Discussion in 'Perl Misc' started by Chris, Mar 29, 2007.

  1. Chris

    Chris Guest

    I am writing a Perl script to check that dependency files exist that
    are included in definition files that we have. However, I am getting
    a completely unexplainable problem. For one specific file only, the
    algorithm I have doesn't seem to work, or at least the string that is
    getting saved from the regex is somehow not working properly with
    certain Perl calls. The format of the strings is the same in every
    file and in this one in particular, I have even modified the line,
    moved it around, etc, etc. I am basically going through each file,
    opening it, and then based on the type of file, saving a regex to
    use. In one case, "^#tagdef\\s*(.*)" and in the other "^#include\
    \s*(.*)" (they are saved off in variables. As I read each line of the
    file, I am searching for the currently switched on regex, and then
    using $1 to see what I have in the (), which is the file I want to
    search for. This file is saved in a list of files that I gather (and
    this file is in the list, I've printed and see it is there). I do a
    foreach() on this file list, and then use index(fileInlist, $1) != -1
    to indicate I have found the file. However, for only one specific
    file, this doesn't work. What is even stranger is, if I print "$1\n",
    the file prints just fine. But, if I do something like print "$1 after
    \n", the whole output is messed up. If I print "before $1\n", nothing
    prints at all. If I print "before $1 after\n", only after prints.

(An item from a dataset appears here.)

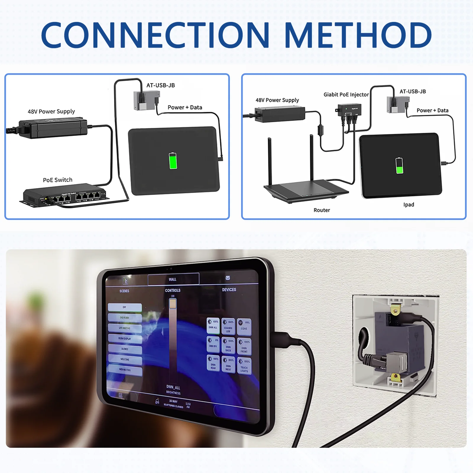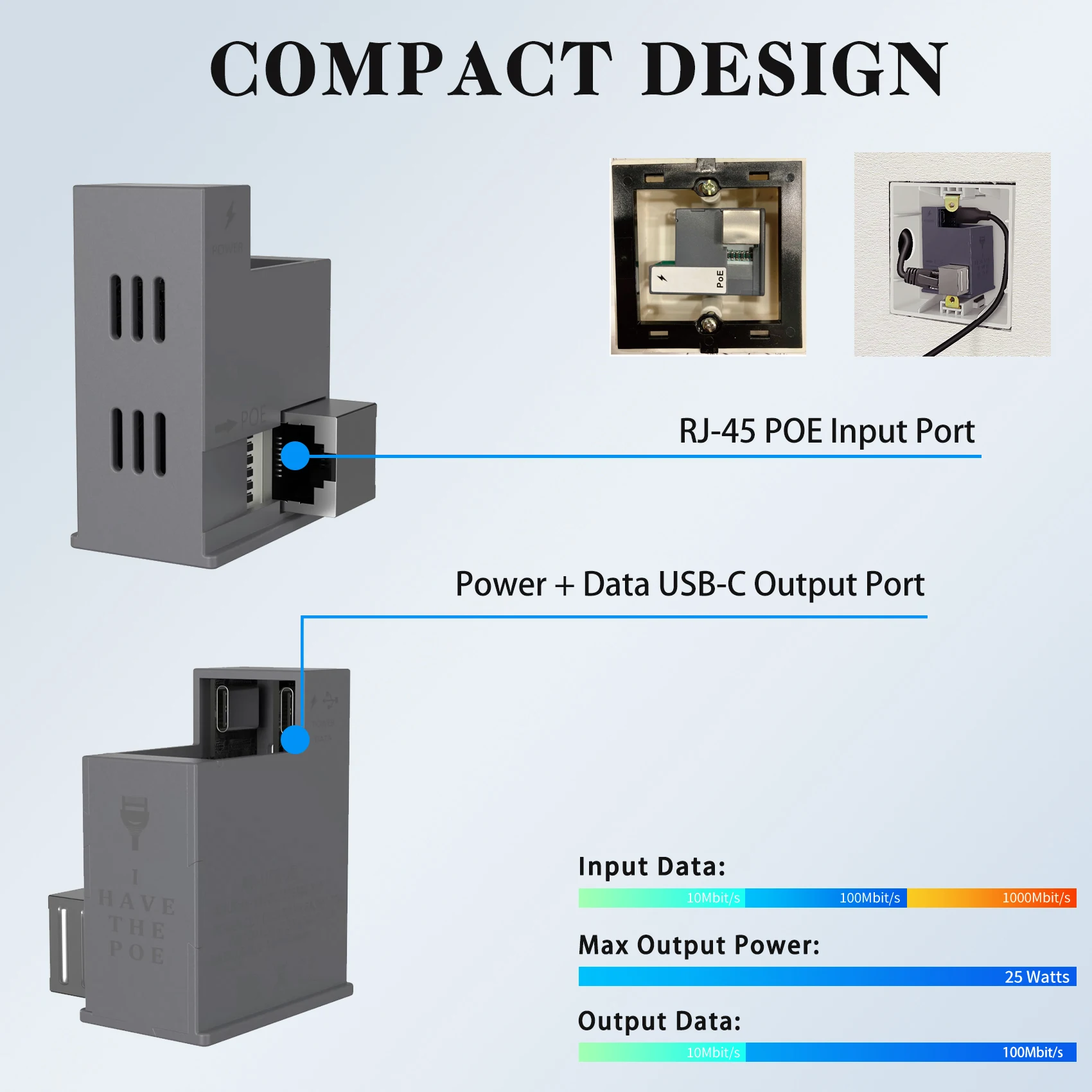ATUSBCPB 벽면 POE+ - USB 유형 C POWER LOGIC + 25W 출력을 통한 데이터 전달

    Here is a cut-paste of my script:

    #!/usr/bin/perl -w

    use lib "./scripts/perl/FILES-1.0";

    use strict;
    use Files::FileModules;
    use Cwd;

    my $boxPath = $ARGV[0];
    my $myPath = "path";

    my $startingDir = getcwd;

    my @filePostfix = ("\.def\$", "\.cfg\$");

    chdir("$boxPath/$myPath");

    my @myFiles = FindAllFiles(@filePostfix, "./");

    my @myFileCopy = @myFiles;

    my $DEFILE = 0;
    my $CFGFILE = 1;

    foreach my $files (@myFiles)
    {
    my $searchTag = " ";

    if(index($files, 'imgGame') != -1)
    {
    next;
    }

    open FILEHANDLE, "< $files" or die "Can't open $files\n";

    print "\nIn File $files\n";

    if($files =~ /\.def$/)
    {
    $searchTag = "^#include\\s*(.*)";
    }
    elsif($files =~ /\.cfg$/)
    {
    $searchTag = "^#tagdef\\s*(.*)";
    }

    while(<FILEHANDLE>)
    {
    if($_ =~ /$searchTag/)
    {
    my $findThis = $1;
    my $foundFile = 0;
    print "\nSearching for $findThis\n";
    foreach my $thing (@myFileCopy)
    {
    if(index($thing, 'imgGame') != -1)
    {
    next;
    }

    if(index($thing, $findThis) != -1)
    {
    print "\nFound dependency: $findThis\n";
    $foundFile = 1;
    last;
    }
    }
    die "Did not find: $findThis in $files\n" if !$foundFile;
    }
    }

    close FILEHANDLE;
    }


    The index call isn't working on this bizarre string. However, if I do
    things like length() on it, it shows the correct length, but other
    calls, even the die call at the end, can't print it out. Only if it
    is printed by itself with nothing else does it even print out.
     
    Chris, Mar 29, 2007
    #1
    1. Advertising

  2. Chris

    Klaus Guest

    On Mar 29, 1:36 am, "Chris" <> wrote:

    [snip]

    > if I print "$1\n",
    > the file prints just fine. But, if I do something like print "$1 after
    > \n", the whole output is messed up. If I print "before $1\n", nothing
    > prints at all. If I print "before $1 after\n", only after prints.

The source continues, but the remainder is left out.